I started my collection when I was only in junior high school. I collected many Celluloids then, and some original paintings by a few artists as well. Since I lived in Japan when I was little, compared to some art collectors in Taiwan, it’s earlier for me to be accessible to these art sorts. When I was in the US during the late 90s, it was until then that I started stepping into the domain of real art, however, the “URBART” we knew back then was completely different from what we know of today.

◆ When viewing or collecting an artwork, what are the essentials for you?

In my opinion, Firstly, an art collection is about passing on heritage. That is to say, when it comes to the art collection, I hope people have this notion that we are not the eternal protector of the artwork but its temporary owner. We are to protect it. To me, the most important thing is that you have to truly love what you own.
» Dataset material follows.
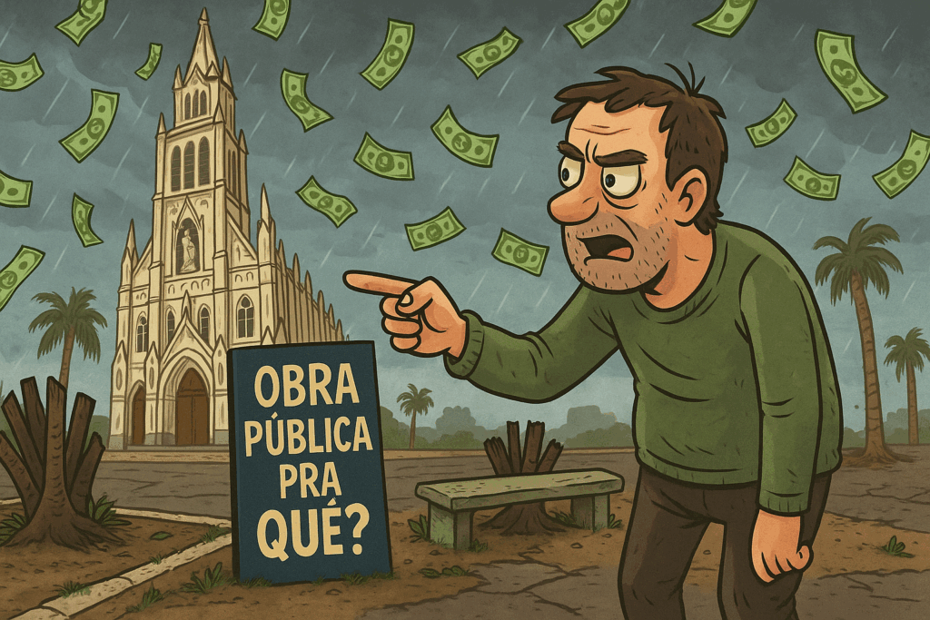 Munícipes questionam qualidade da obra em fase final antecipada e apontam descaso com o espaço público mais simbólico da cidade.

You like it so you collect it, and after you collect it, you become its protector in this time of the universe.

◆ "URBART" (such as trendy toys, Celluloid Nitrate, and Marvel…etc) has encountered a rapid rise in the art market recently, what are your opinions on this?

Personally, I prefer calling them “Art Toys”. The artist has been more sought after recently with name brands. For example, Dior collaborated with Hajime Sorayama, and Daniel Arsham a while ago. An artist, by collaborating with name brands, they are brought to the mainstream. Another example is Hajime Sorayama. His collaboration with Dior resonates with the people of this era especially. And because of these brands, it paves the way for the emergence of these artists. So “URBART” actually finds itself in a unique position where it doesn’t fit into the high-end upper class, yet doesn’t exactly belong to the lower class. However, right now it has been widely regarded as a fast-roaring trend and an acceptable genre of art. Why? It’s because these kinds of art are adored by the young generation, in a way, they have become more conceivable to the public.
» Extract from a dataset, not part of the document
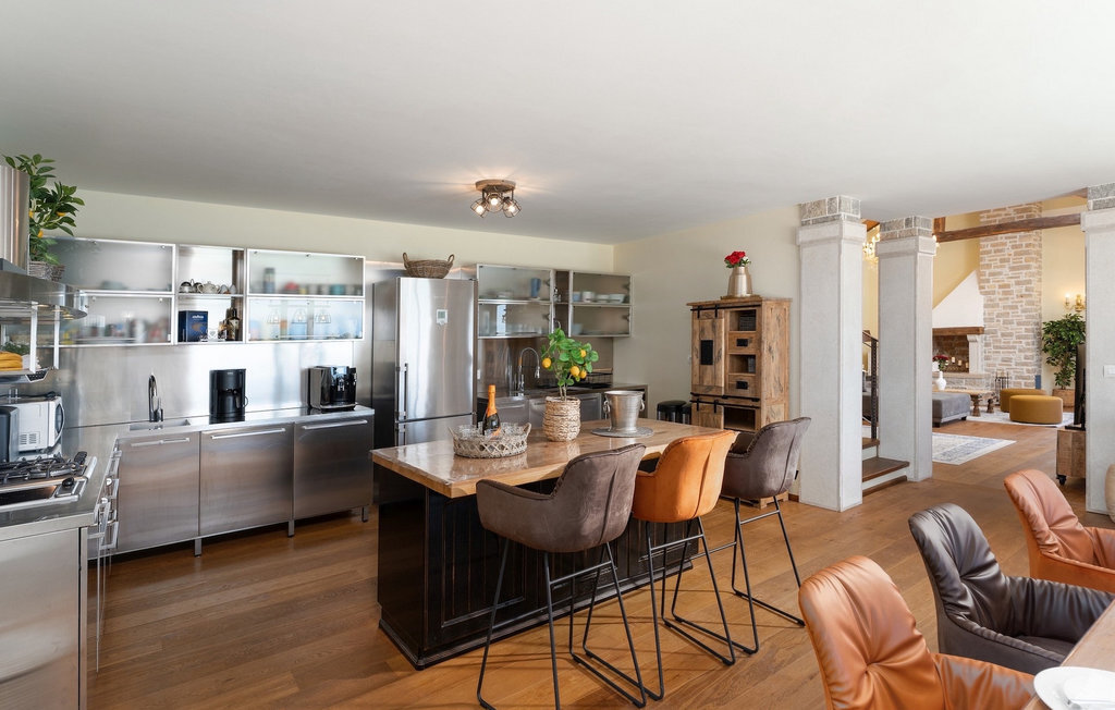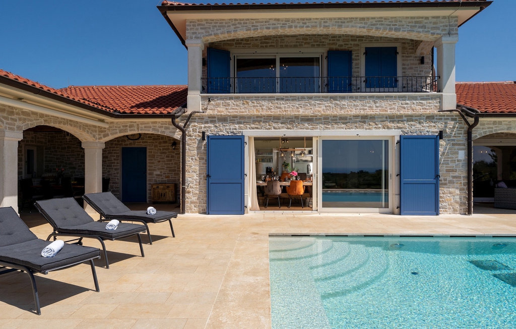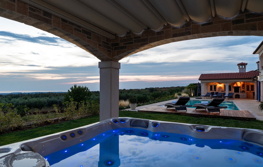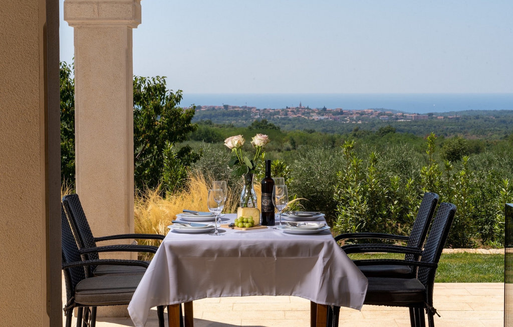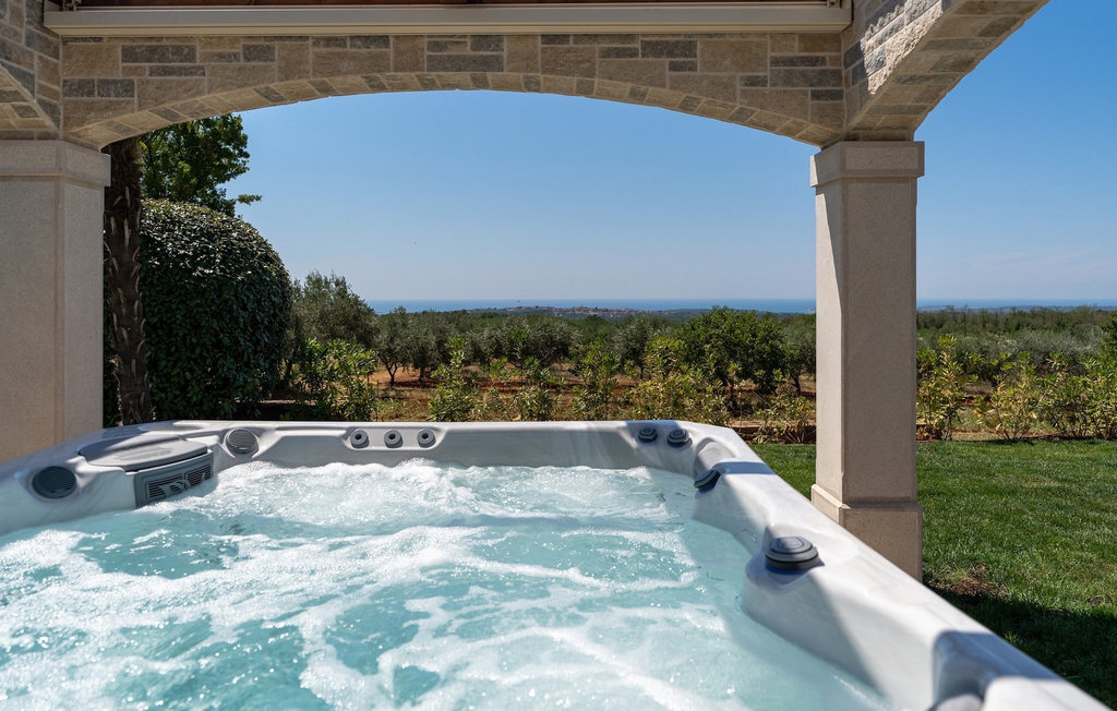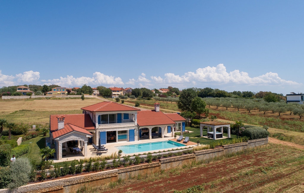 Cette belle villa se trouve près de Porec, dans un petit hameau situé à 10 km de la mer et du centre-ville. Construite en pierre et avec des matériaux de qualité, la villa a une superficie de 354 m2, dont 265 m2 au rez-de-chaussée et 89 m2 à l'étage. Cette propriété est nichée sur un terrain de 1.400 m2 composé d'un jardin bien entretenu et d'une prairie. À côté de la maison se trouve un garage de 58 m2 pouvant accueillir deux véhicules. Le rez-de-chaussée comprend un grand salon avec cheminée, une salle à manger, une cuisine, un garde-manger et 2 chambres avec salles de bains. À l'étage supérieur se trouvent 2 chambres avec salles de bain en suite. Depuis le salon, les hôtes peuvent facilement accéder à la zone de la piscine et à notre piscine privée (40 m2). Les chambres à l'étage et la zone de la piscine offrent une vue imprenable sur la mer, ce qui permet de profiter de la piscine et de contempler les oliveraies et la Méditerranée derrière. Un jacuzzi est également disponible à l'extérieur, sur demande et moyennant un supplément.Cette propriété est idéalement située dans un environnement paisible d'oliveraies et de vignobles, ce qui en fait un lieu de retraite parfait loin de la vie moderne trépidante. La villa se trouve à la périphérie d'un petit hameau, ce qui assure la paix et l'intimité parfaites des vacances en famille, mais elle n'est qu'à 10-15 minutes en voiture du joyau de l'Istrie - Porec. Porec est la plus grande station touristique d'Istrie, où vous trouverez toutes sortes d'activités. Si vous cherchez à vous occuper, à vivre des expériences extraordinaires et à découvrir un riche patrimoine culturel, Porec est l'endroit idéal pour vous, avec ses 100 ans d'expérience en matière d'hospitalité et son offre touristique maximale. Assurez-vous de ne pas manquer les nombreuses fêtes organisées dans les villages touristiques et dans le centre-ville. Il y a des clubs de plage, des cafés et après minuit, vous pouvez profiter de l'ambiance chaleureuse des bars de nuit et des discothèques. Rien que du plaisir du soir jusqu'au petit matin !

◆ From your point of view, what progress will URBART make in the field of contemporary art in the next ten years?

I think in the next ten years, there will be more young collectors. Although there exist tens of thousands of galleries, and these young collectors might have never heard of the artists, once they look at the artwork, resonate with it, it will later become their first collection, a real piece of art that truly belongs to them. Whenever they look at the artworks on the wall of their home, they are cheerful every time. Not after long, these young collectors will be introduced to the world of real collections. And as for your hotel art fair, ONE ART Taipei 2021, has no barriers. You can walk in without being recognized, and you wouldn’t feel awkward or alienated. The person standing by you could be a well-known collector but you might not even know his name. It’s a place for everyone. The trendy objects young people love nowadays are already incorporated with art. It’s easier for the young generation to understand what art is. 

Therefore, I feel that “URBART” will gain more recognition in the next ten years. I 

can’t guarantee all the “URBART” artists can make their fame. But some artworks are definitely worth collecting. I hope that “URBART” can lead the young generation to a world of deeper appreciation. It would be excellent to build a bridge between “URBART’ and real art.

◆ Your (recent) favorite artist/artwork?

I really like Hajime Sorayama. How amazingly he paints the iron and the silicon! If you have the chance to look through his works, you have to pay attention to the face and moves of each girl and you’ll find that none of them are identical. Each girl has a different look. The only thing in common is the mole on their faces. So I would say he is one of my favorite artists. Another favorite artist of mine is Mark Ryden. In terms of the “Lowbrow” and “Pop Surrealist art movement,” I consider him as the king in this genre. Regardless of cost, his art shows his extraordinary painting techniques. However, the amount of his artworks is surprisingly low. He and his wife, Marion Peck, both have very low-volume production. That’s why even the reproductions of his paintings worth tens of thousands of US dollars nowadays. The artists with reproduction worthy of this much, and who are still alive are nearly none, and Mark Ryden is definitely one of them.